I paused in my waffle onslaught. “Everything okay?”

She exhaled slowly and then walked across the kitchen to open a drawer. I studied her stiff demeanor as she removed what looked like a cream-colored card. “I should have given this to you last night, but I just wanted you to relax. But it’s yours, so you should have it.”

Curious, I reached for the card and saw the elaborate embossed detail on it.

The words We’re Engaged were scrawled in silver script on the front. A pearl with a loop over it acted as the clasp. Unlooping it, I opened the card.

    You are cordially invited to attend an engagement party in honor of Darcy Hawthorne & Matthias Lemieux.



The date followed (in three weeks), along with the location and the RSVP email.

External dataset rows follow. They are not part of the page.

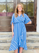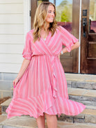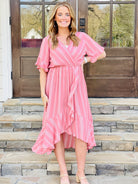 This gorgeous faux wrap ruffle dress is perfect for any of your Spring Special Occasions!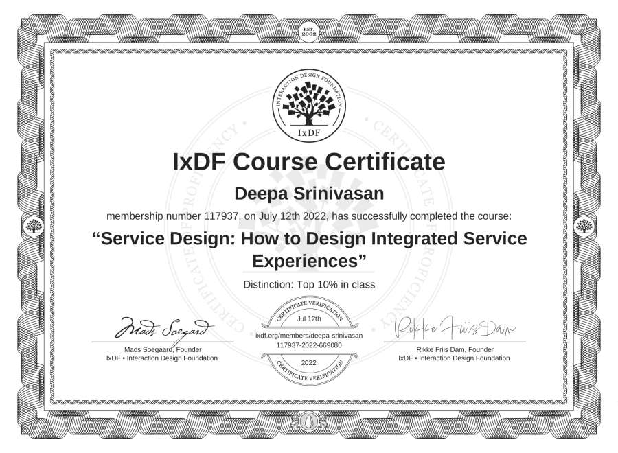 Deepa Srinivasan's IxDF Course Certificate: Service Design: How to Design Integrated Service Experiences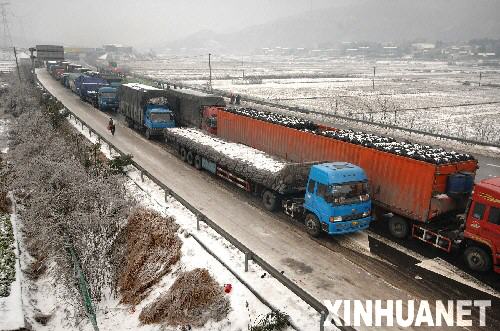 當日,正在全力開展破冰掃雪工作的京珠高速公路湖南段尚未貫通,而車輛與人員的堵塞現象重新加劇。據湖南省交通廳證實,截至1月30日記者發稿時,京珠高速湖南段仍滯留車輛約1.2萬臺,滯留人員3.7萬人左右。滯留的車輛與人員比上一日明顯增加。來自湖南省公安廳的消息表明,由于1月29日京珠高速湖北南下入口管制解除,京珠高速湖南段新進入車輛4000多臺,新增遇阻司乘人員約1.7萬人,一度緩和的堵塞現象重新加劇。目前,湖南省緊急呼吁車輛請勿貿然南下。 新華社記者 龍弘濤 攝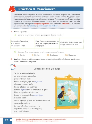98 Ámbito: Literatura | Aprendizaje esperado: Entona y comparte canciones infantiles.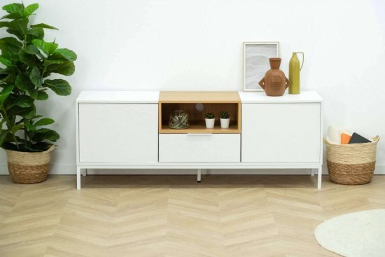 El catálogo de muebles tv baratos de Top Mueble abarca desde piezas minimalistas hasta propuestas de inspiración escandinava o industrial, fabricadas principalmente en melamina de alta densidad con acabados naturales. Estas superficies imitan texturas como la madera clara, el roble o el nogal, y están pensadas para integrarse en entornos contemporáneos, aportando calidez y equilibrio visual.
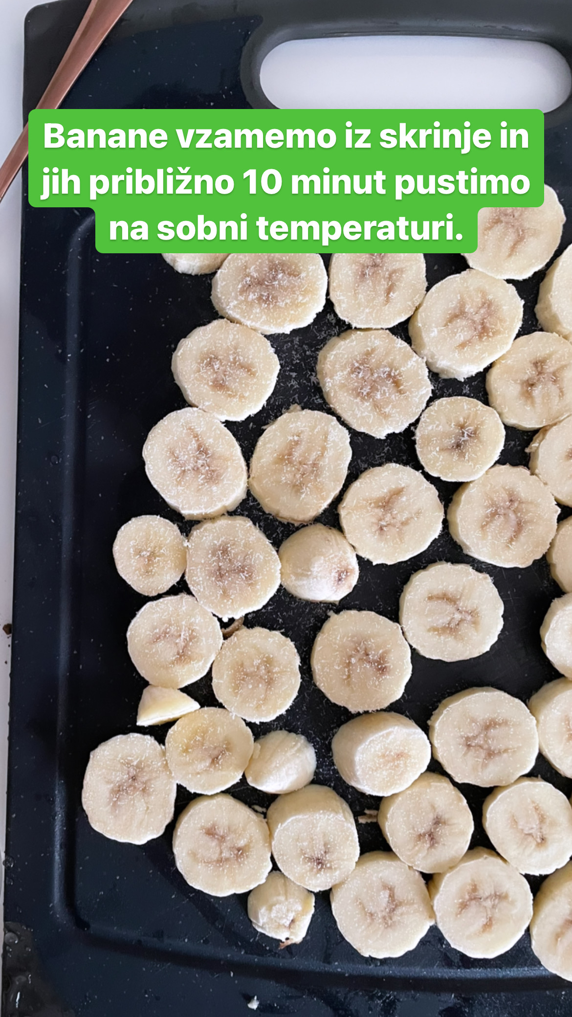 Res lepo zrele banane olupimo in narežemo na približno 1 cm debele kolobarje (debelejši zamrznjeni kosi, so lahko prevelik izziv za blender), razporedimo na pladenj ali plastičen pokrov in zamrznemo. Zamrznjene lahko stresemo v vrečko in imamo pripravljene za takrat, ko se nam zazdi, da bi sladoled.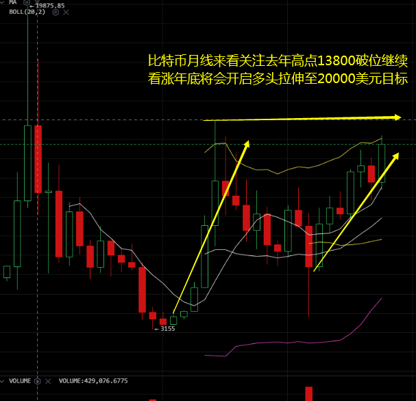 比特币月线上分析今年三月份行情大幅度下挫至3700低点后,月线在三月底获得支撑快速拉升上涨,月线上分析K线震荡上行走势,布林带缩口上扬,连续从三月份开始行情开启多头,月线上基本上每月在升高。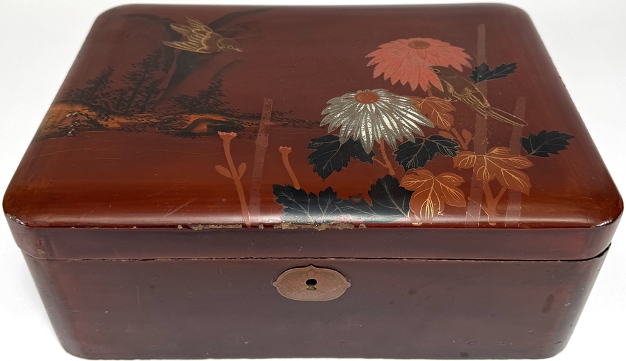 Japanse houten doosje, begin 20e eeuw, met roodbruine lak buitenzijde en zwarte lak binnenzijde. Techniek: maki-e met goudkleurig en zilverkleurig metaalpoeder. Deksel met chrysanten, bladeren en twee vogels voor landschappelijk fond, afgeronde hoeken en scharnierend deksel. Voorzijde met bladvormig slotplaatje.

I should probably have felt more emotional impact about it than I did.

“I think she must have sent it here because she wasn’t sure you were back in Manhattan,” Aunt Richelle said. “What is she thinking, sending you an invitation? And who sends actual invitations anymore?” Her voice rose with her agitation. “I thought she was an environmentalist. Hasn’t she heard of an e-invite?”

I laughed at my aunt’s outrage. While she’d never come out and said it to my face, I’d always gotten the impression my aunt didn’t care for Darcy. It had surprised me because, while we were dating, I thought Darcy was a total catch. She was intelligent and strong-willed but compassionate too. Moreover, on a personal level we both knew what it was to feel like we were disappointing our successful families by taking a different path in life from the one they wanted us to take. We’d bonded over the conflict we’d both been through, we understood that we felt disconnected from people in our social circle, though for entirely different reasons, and she was far better at pretending to fit in than I was. There was comfort in our bond. For three years she’d been my sounding board and my friend as well as my lover. But with hindsight, I could see there were things that didn’t work. For a start, we were really bad at communicating with each other. She wasn’t always the first person I thought of when something happened that upset me or excited me, and I realized it was because Darcy didn’t really excite me. Not in the way I realized now she should have. Obviously, she realized that before I did. And I’d genuinely forgiven her and moved on.